新規事業や社内イノベーションと聞いて、経営層の皆さんはどのようなイメージをお持ちでしょうか?新しいビジネスフィールドへの挑戦、組織内の活性化、次世代リーダーの育成など、明るい希望と未来を描く方もいらっしゃるでしょう。
しかし現実には、トップの掛け声ばかりが大きくて、なかなか具体的な成果につながっていない例も見られます。経営層1万人にアンケートを取ったレポートによると、「新規事業の阻害要因」として最も多かった回答は「能力のある従業員の不足」でした。
新規事業の阻害要因は、本当に、能力がある従業員がいないことなのか?
出典:事業を創る⼈の⼤研究
しかし、その評価は、果たして妥当なのでしょうか?『社内提案制度は作ったものの、どうも盛り上がっていない』『当初はそれなりに機能していたが、いつの間にか、提案が先細ってしまった』『うまくいっていないことは感じているが、どこの、何がおかしいのかがわからない』…このような声もよく聞きます。
bridgeは、新規事業が成功しない原因は、従業員の質や量に問題があるのではなく、そもそも「新規事業に必要な能力」とは何なのか?その判断基準がないことが原因だと考えます。

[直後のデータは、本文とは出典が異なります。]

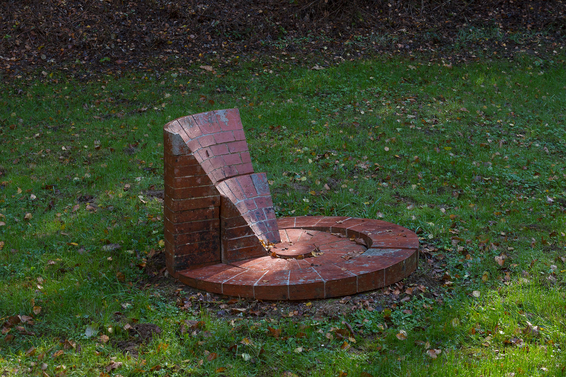 Zwischen den Polen von Architektur und Skulptur bewegt sich auch das dritte Bauwerk, das »Haus für August Sander«, welches sich in nächster Nähe zum „Teatro“ auf derselben Erhebung fi ndet. Es ist wie Burys Bauwerk eine Architektur, ein „Haus“, das eine Spannung zwischen skulpturalem Äußeren und betretbarem, eher funktional ausgerichtetem Inneren aufbaut. Dagegen entzieht sich Hegewalds Bauwerk in seiner geringen Größe allen Verpflichtungen der Dimensionen, schaltet durch seine Beschaffenheit jede funktionale Vereinnahmung aus. Die innere Konzentration auf einen Kern, die Reduktion auf elementare Grundformen von Kreis und Kegel machen die Dichte der kleinen Masse aus. In dieser Reduzierung mit dem Sander-Monument vergleichbar, wirkt das minimale Bauwerk für seine Verhältnisse ebenso monumental wie der gewaltige Kubus. Im Dialog der beiden absolut konträren Monumente wird die Relativität von Größen umso deutlicher. Im Bezug auf seine Umgebung bildet das kleinste Bauwerk eigene Maßstäbe aus, weitet die Senke zu einer ausgedehnten Ebene, schreibt ihr durch seine auratische Kleinheit eine Ferne ein. Erstaunlicherweise besteht die Skulptur gegenüber der monolithischen Architektur des Sander-Hauses; subtil unterläuft sie die Konfrontation, da sie ihr Verhältnis zum Umfeld auf andere Weise definiert. Manifestiert der zementgrau verputzte Kubus als Fremdkörper in der natürlichen Umgebung die grundlegende Verschiedenheit von Kunst und Natur, fügt sich die anziehend warme Tonigkeit der Ziegel in dem Maße in ihr Umfeld, wie sie sich von ihm abhebt. Verfestigt zur starren Form läßt die ›gebrannte Erde‹ den natürlichen Ursprung durchscheinen. In dem in Material und Form anklingenden Archaismus verfällt das Bildwerk nicht in die Klage über eine verlorene Idylle, die sich an dieser Stelle in dem wüsten Rest eines Steinbruchs zeigt, sondern stellt sich mit stiller Beharrlichkeit entgegen.

もし、営業や経理、法務の仕事なら、大体3年ほどで一定のスキルの人材に育てることも可能でしょう。しかし、新規事業については、体系的なリソースもナレッジも十分ではありませんでした。新規事業を経営企画部などが担当しているケースもありますが、どうしても目先の売上が立つかどうかといった、短期的でわかりやすい成果を求めてしまいがちです。新規事業に対する考え方が間違っていたり、学習機会がなければ、真の成果にはつながるはずがありません。
社内の新規事業開発がうまくいっていない企業のほとんどが、同じ原因を抱えています。それは、新規事業の目的や目標、手法、人材は、既存事業とは違うにも関わらず、同じようなやり方で進めてしまっていることです。すでにあるナレッジやリソースに頼るあまり、最初から戦略を考えてしまい、イノベーションに至るブレイクスルーにはならない矛盾で、混乱している例を多く見受けます。これは、以下の図で示す初期の「実験思考」の能力が不足している状況です。

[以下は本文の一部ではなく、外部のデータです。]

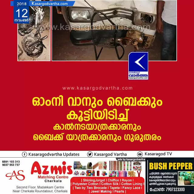 ഓംനി വാനും ബൈക്കും കൂട്ടിയിടിച്ച് കാല്നടയാത്രക്കാരനും ബൈക്ക് യാത്രക്കാരനും ഗുരുതരം

事業づくりのプロセスにおいて、初期段階で特に重要な「実験思考」
AIを初めとするテクノロジーがさらに進化・普及し、厚生労働省が「人生100年時代」を掲げ、働き方もシフトする現代。bridgeは、人間に求められるのは、実験思考に裏打ちされた「創造的な問題解決」であると考えています。
これは、社内の特定の人だけに関係するマインドではありません。個々人が『自分に何ができるか?』を問い続け、能力を鍛えることで、仕事のやりがいを感じられるようになる。組織と個人の両方にとって重要な意味を持つのが、新規事業の「行動原則」です。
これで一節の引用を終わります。